■ **WHAT THIS TASK INVOLVES**: With the pictures omitted, output word for word the lines from the one containing "17KM Fashion Gold" through the end of the records.

[Stored items]
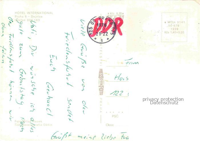 74022231 old postcard Dejvice Hotel International Restaurant Festtafel Minigolf postalisch gelaufen Erhaltung siehe scans [FriedD77] KatCode: 11520
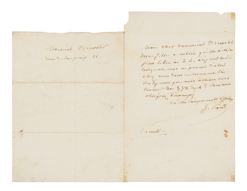 1 page, 8vo, bifolium, faint dampstain touching writing, a few other small stains, mounting remnants to three corners, one inch segment excised from top margin of blank leaf. Sand tells the recipient that her daughter will not be free at until later that afternoon, and asks to change their meeting time.
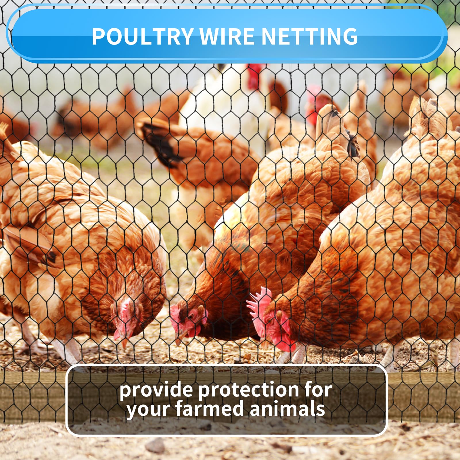 » » Multi-functional Application: The multi-functional design of black hexagonal wire mesh makes it suitable for a variety of places and uses.It can be used as a fence for farmland, orchards, gardens, etc.It is lightweight and easy shaping , perfect for DIY projects in various shapes.In addition, it can also be used to make animal cages, breeding equipment, flower racks, etc,to meet the needs of different users.
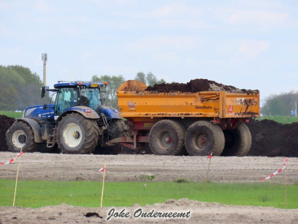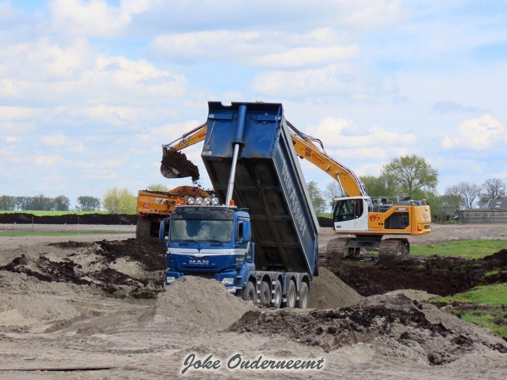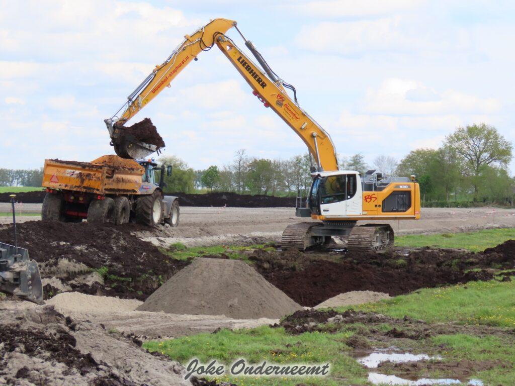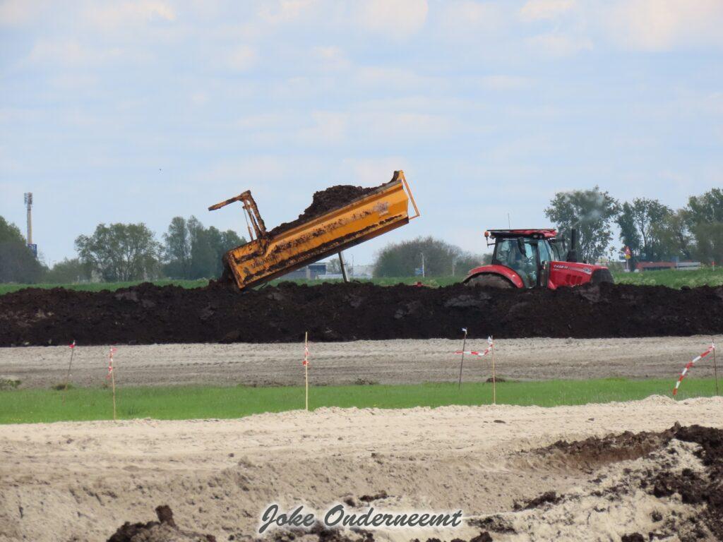Vandaag kon ik er zonder laarzen heen want het was allemaal mooi droog daar gelukkig . Er was veel werkverkeer druk bezig met uitgraven van de zwarte grond op een behoorlijk diepte, en dat werd meteen opgeladen en weggereden . Dan kwamen de vrachtwagens meteen aan om zand weer te lossen en vervolgens kon de sjofel steeds snel te boel gelijk schuiven.
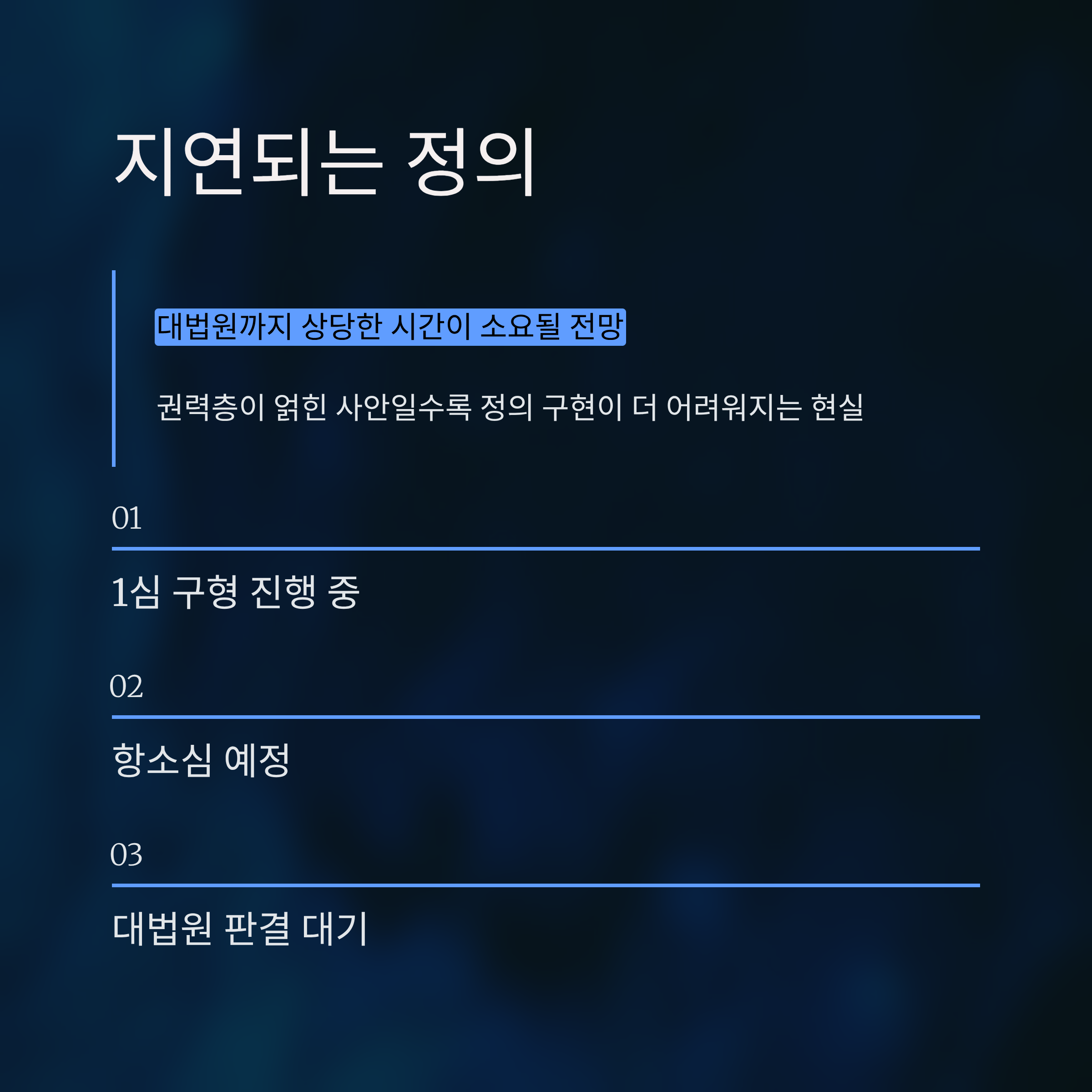 4. 사법적 지연: 대법까지 상당한 시간이 소요될 전망.
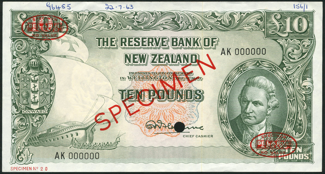 (†) Reserve Bank of New Zealand, specimen £10, ND (1967), serial number AK 000000, green and pale pink-orange, Captain Cook at right, the 'Endeavour' at left, Fleming signature, reverse green, flock of sheep
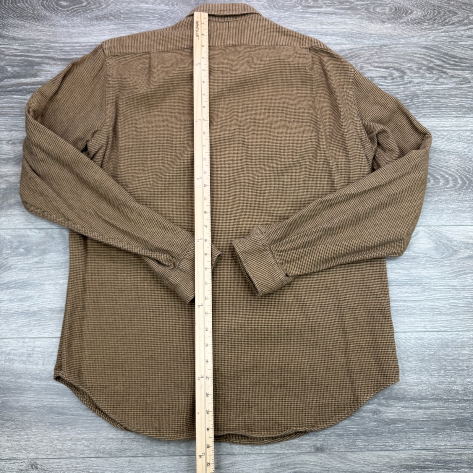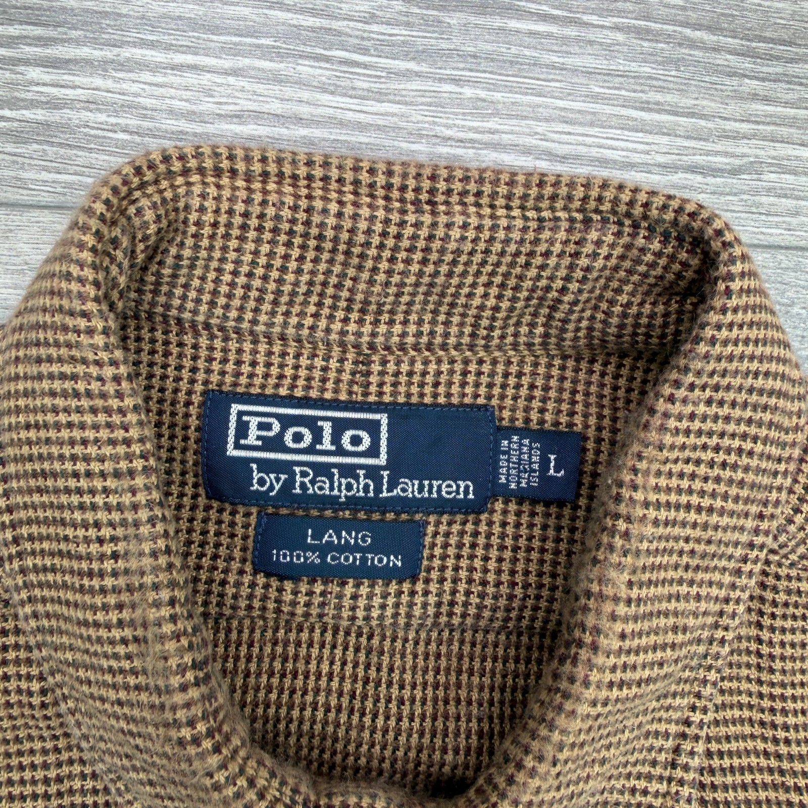 как выглядит Polo Ralph Lauren Shirt Mens Large Brown Lang Houndstooth Double Pocket Flannel фото
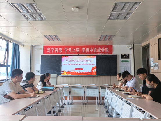 5月17日,会计学院党委党纪学习教育读书班在2314教室开展辅导员集体学习暨警示教育观影活动,会计学院党委书记李贺、纪检委员陈垚希及全体辅导员参加。
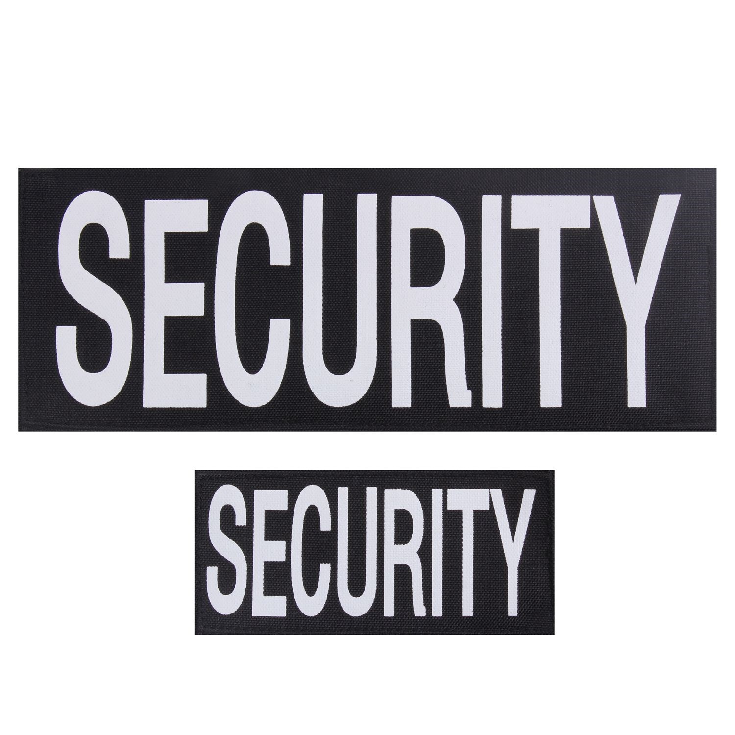 Set di due patch con la scritta SECURITY. Piccola 60 x 145 mm adatta per la parte anteriore. Grande 100 x 270 mm adatta per la parte posteriore. Entrambe le patch sono dotate di velcro.
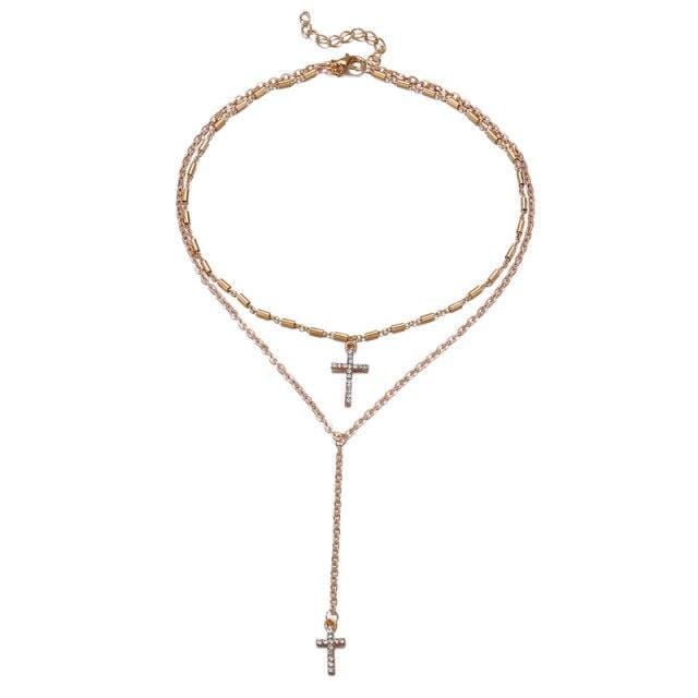 17KM Fashion Gold Color Crystal Cross Necklaces Pendants Bohemian Double Layered Necklace Catholic Religious Christian Jewelry
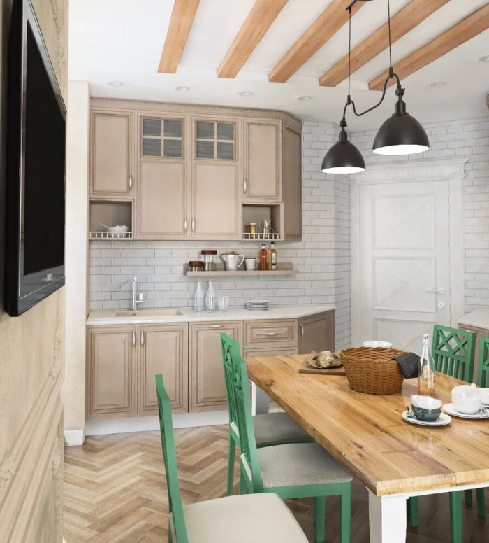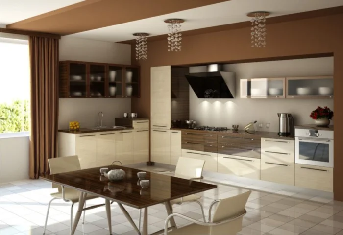 Бежевый – мастер тонких градаций. Зону отдыха (столовую) можно обозначить более светлым, воздушным оттенком. Рабочую же часть – выделить на пару тонов темнее или добавить к ней контрастного цвета.
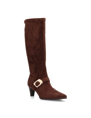 Bota alta para mujer con punta fina y tacón, estampado liso elegante. Hebilla grande decorativa. Ideal temporada otoño invierno.

■ **RESULT FOR THIS TASK**:
 17KM Fashion Gold Color Crystal Cross Necklaces Pendants Bohemian Double Layered Necklace Catholic Religious Christian Jewelry
 Бежевый – мастер тонких градаций. Зону отдыха (столовую) можно обозначить более светлым, воздушным оттенком. Рабочую же часть – выделить на пару тонов темнее или добавить к ней контрастного цвета.
 Bota alta para mujer con punta fina y tacón, estampado liso elegante. Hebilla grande decorativa. Ideal temporada otoño invierno.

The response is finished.